Both organizations will partner with EMR giant Cerner to leverage its Health Facts data warehouse platform to drive the analytics initiative. Health Facts extracts data from both clinical and financial IT systems, de-identifies the data, standardizes terms through mapping to common nomenclature and has the ability to create adverse drug events and outcomes reports.

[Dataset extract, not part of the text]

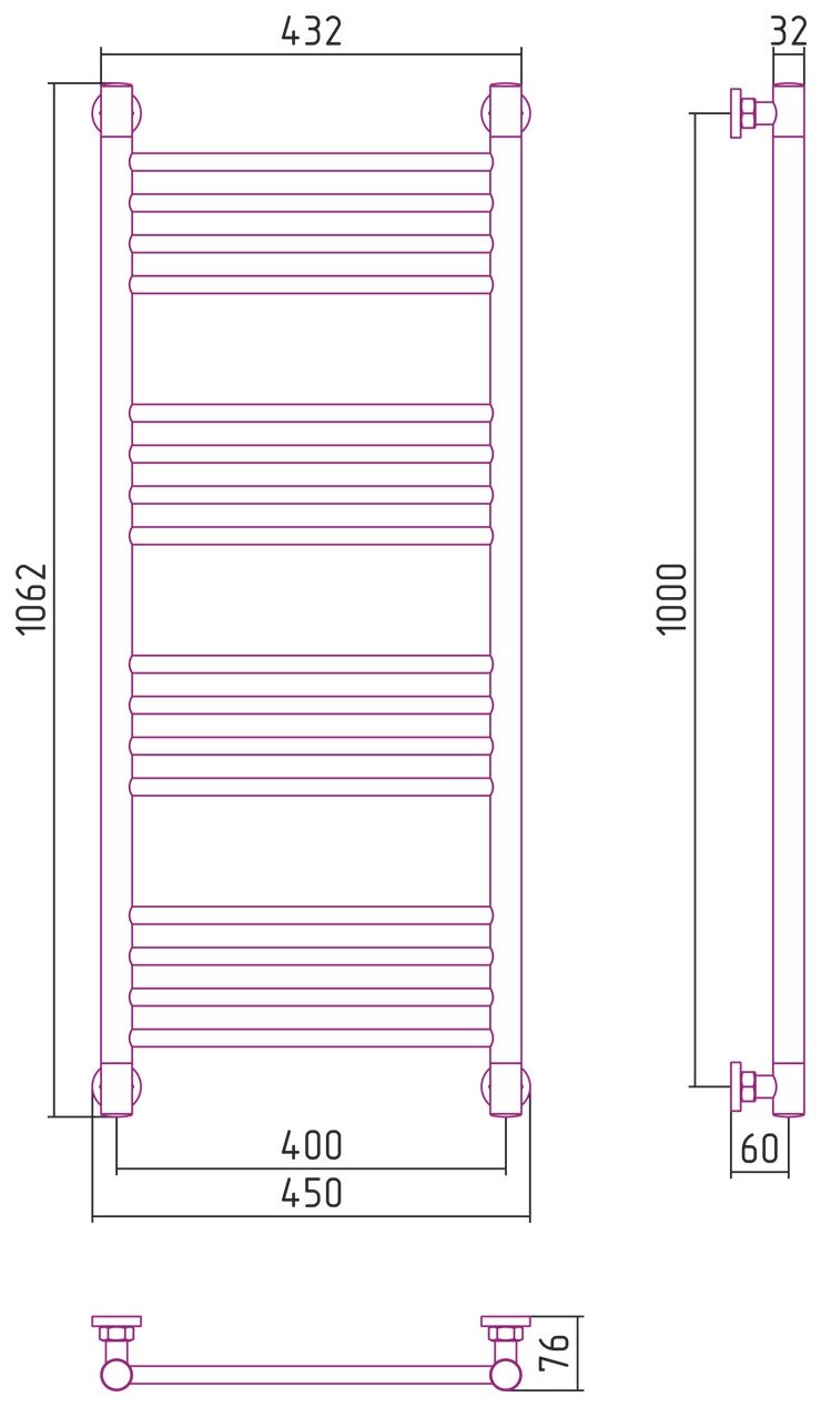 Водяной полотенцесушитель Сунержа Богема+ (прямая) 1000x400 темный титан муар арт. 15-0220-1040

The platform, as Cerner officials described, will allow the two-hospital TMC to use its current clinical and financial data and transform it into a usable form that can be leveraged to improve patient safety and care outcomes. What's more, TMC officials anticipate the data analysis can also be used to reduce specific health disparities and reduce costs for certain procedures.

Specifically, with the platform TMC officials will be able to use the generated reports and compare one's organization's performance with other clients who use the warehouse. The warehouse already includes millions of EMR records from inpatient, ED and outpatient visits from patients nationwide.

"The centerpiece of this partnership provides tools to accelerate clinical and translational research and ultimately provide better health outcomes," said Lawrence Dreyfus, UMKC vice chancellor for Research and Economic Development, in a Feb. 18 press statement. "We couldn't be more excited about the prospects that this partnership holds for healthcare decisions that ultimately improve care and reduce costs."